Note: UltraScrape is released with the hope that it will be useful. It will need to be heavily tailored to your specific needs and database. I developed it to convert a specific database, and did so with great success. Your results may vary.

Download UltraScrape v0.0

Using UltraScrape

UltraScrape is split into two programs: driver.pl and rp.pl. The driver handles the copying-and-pasting each record, so its important it is setup correctly. It basically works by print-screening, pressing keys to go to the next record, and repeating.

The Driver

First, you need to install ActiveState Perl and Win32::GuiTest. I have tried many other APIs to send keys to a DOS application in Windows, but none have worked as well as Win32::GuiTest. You also need Win32::Clipboard (comes with ActivePerl, but may be necessary if you are using another Perl distribution).

Methods

Now open driver.pl in your favorite text editor and edit it to your needs. The default file to save to is raw.txt, and the default method is 2, "Windowed Drag-and-Enter" which works best in my experience. In this mode, you must load the database in a DOS console window of standard size, move it to the upper-left hand corner of the screen (at (0,0)), and enable QuickEdit mode under Properties->Options. QuickEdit mode allows selecting text by simply clicking it, and copying by pressing enter.

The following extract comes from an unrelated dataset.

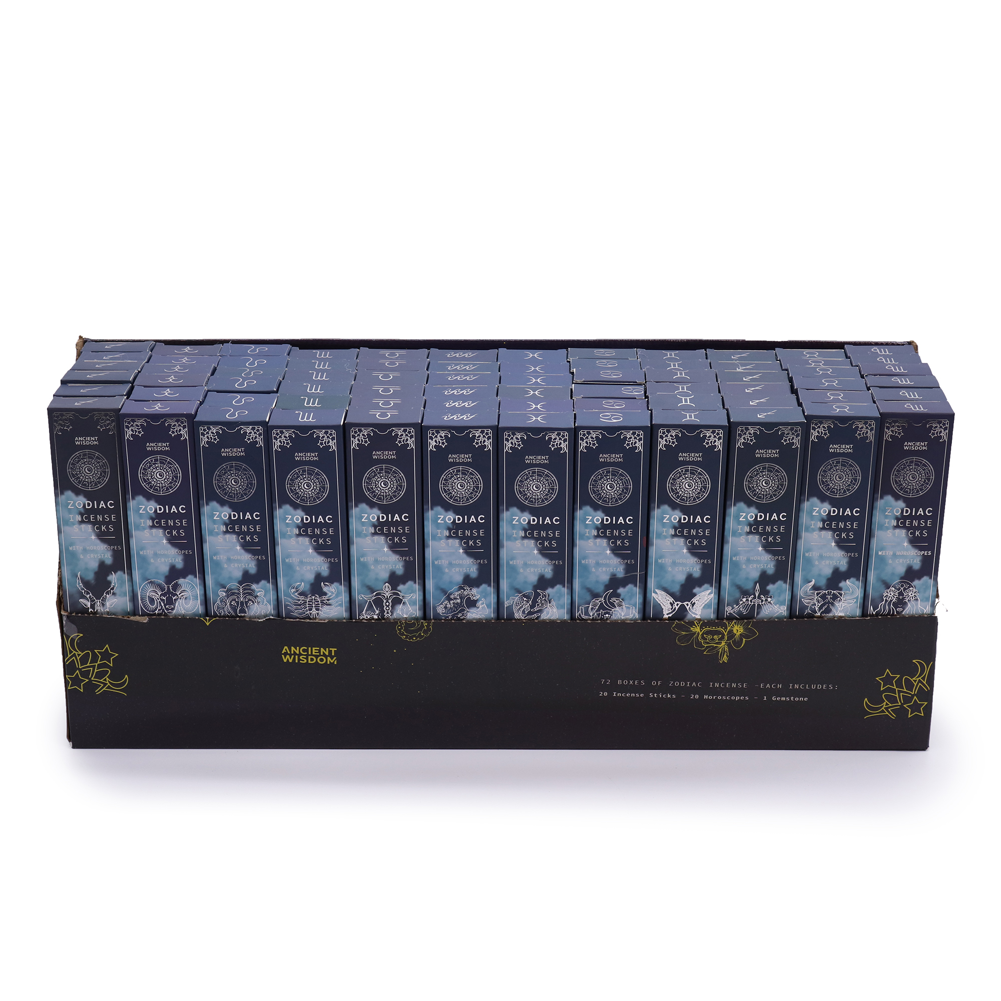 Deze Starter Pack biedt de volledige Zodiac Kristal Geuren Wierook - Startset collectie in één eenvoudige bestelling. Je ontvangt alle 12 zodiac-ontwerpen, met 6 stuks per sterrenbeeld, plus een displaydoos die de hele collectie kan bevatten.

Method 1, "Full Screen PrintScreen" seems like a simple solution but has complications. It works by requiring that you load the program up, press Alt+Enter to full-screen it, and then allow it to hit the print screen key. When a DOS prompt is windowed, PrintScreen (or even Alt+PrintScreen, which only copies the current window) will copy the window graphically. This is not desired because OCR would be needed to extract the text, so to get around it, the program can be full-screened, and screenshots will be saved in ordinary readable text format. Unfortunately, after 700 or 800 screenshots, my Windows XP machine began constantly running out of memory. I tried using Windows 2000 and Me with the same problem. Windows 98 had a more severe problem: the down key, used to go to the next record, did not function. Even worse, under all operating systems, the database program took longer to write to the screen in full-screen mode, requiring that a delay of a few seconds be inserted or else the lower portion of the screen would be cut off.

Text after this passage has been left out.